Cost Effectiveness Analyses
A potential advantage of the home-based diagnosis and treatment of OSA is lower resource utilization and lower costs [35, 36]. However, the most comprehensive CEA of this question found that a full night PSG followed by titration was the most cost-effective strategy, compared with split-night PSG and HSAT/APAP [26••]. In this analysis, both the split-night PSG and HSAT/APAP strategies had full night/titration backup. The analysis was taken from a third party payer perspective using Markov modeling over a lifetime horizon. The base model was composed of 50-year-old men with a 50 % pretest probability of moderate to severe OSA (AHI ≥15). Key assumptions made in this study include rates of patient attrition, PAP acceptance/adherence, and quality of life (QOL) reduction for those on PAP due to a wrong diagnosis.

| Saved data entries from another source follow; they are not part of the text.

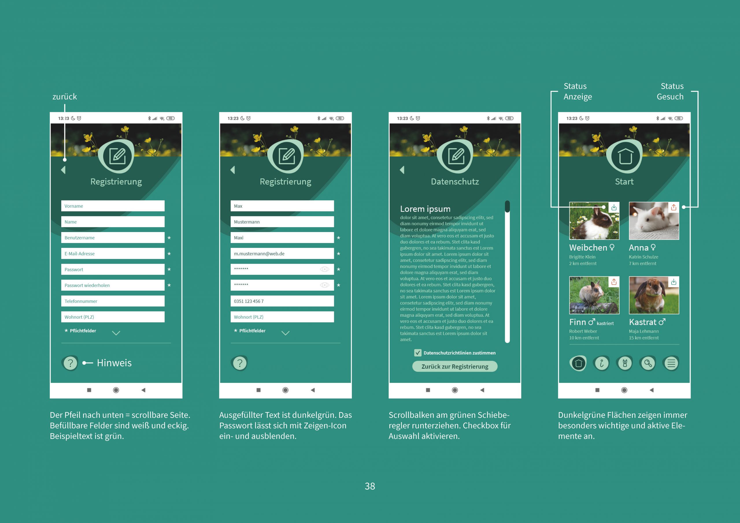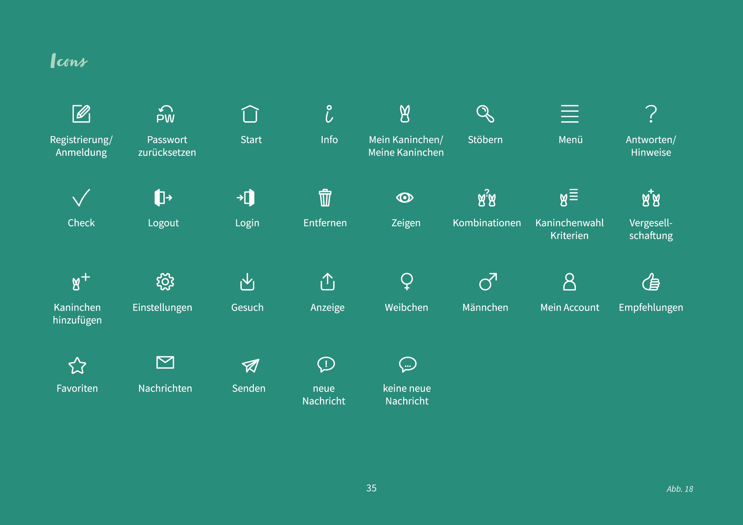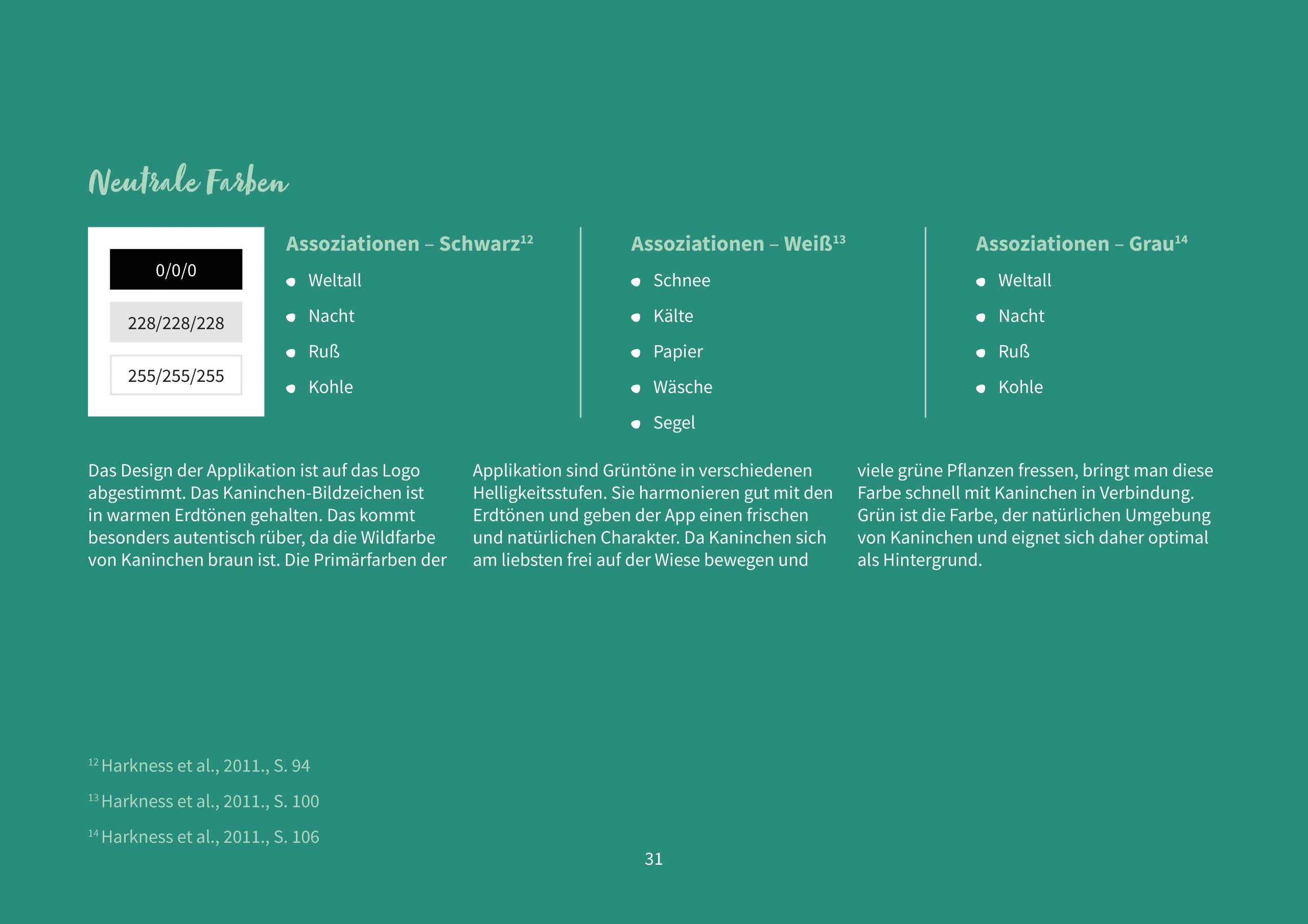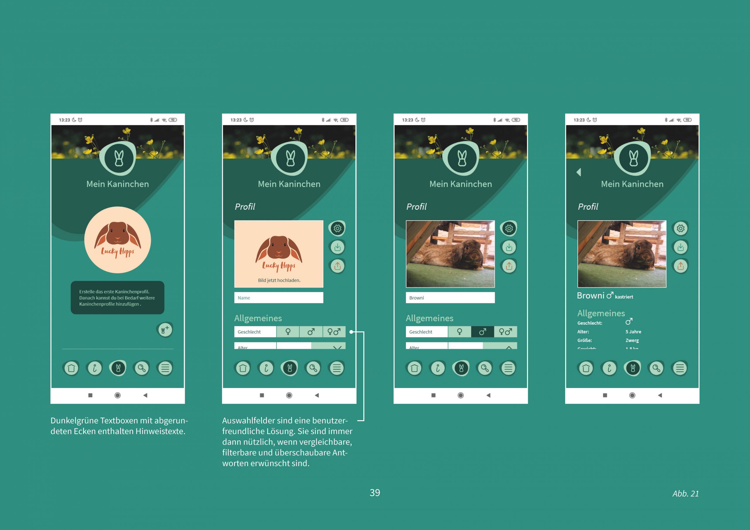 Das Design der Applikation ist auf das Logo abgestimmt. Das Kaninchen-Bildzeichen ist in warmen Erdtönen gehalten. Das kommt besonders authentisch rüber, da die Wildfarbe von Kaninchen braun ist. Die Primärfarben der Applikation sind Grüntöne in verschiedenen Helligkeitsstufen. Sie harmonieren gut mit den Erdtönen und geben der App einen frischen und natürlichen Charakter. Da Kaninchen sich am liebsten frei auf der Wiese bewegen und viele grüne Pflanzen fressen, bringt man diese Farbe schnell mit Kaninchen in Verbindung. Grün ist die Farbe der natürlichen Umgebung von Kaninchen und eignet sich daher optimal als Hintergrund.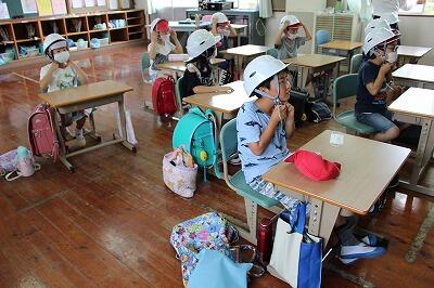 訓練の前に、教室で避難訓練について理解します。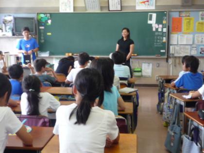 ・6年生では、教師養成塾の学生に子どもたちがみんなで一言・・・

Additional structural assumptions made in the model include the following: PAP discontinuation remaining in effect for the remaining time horizon, lack of attrition after diagnostic PSG, lack of PSG/titration failures, increased number of clinic follow-ups for HSAT/APAP pathway, and no change in probability of stopping PAP based on the accuracy of diagnosis (person with wrong OSA diagnosis was assumed to have the same probability of stopping PAP as correct OSA diagnosis). These assumptions favor the strategy with superior test performance (full night PSG and titration pathway) especially over the lifetime horizon, because costs related to wrong diagnoses persist over the entire time horizon. The CEA did find that all testing methods were cost-effective at a threshold of $50,000 per QALY gained.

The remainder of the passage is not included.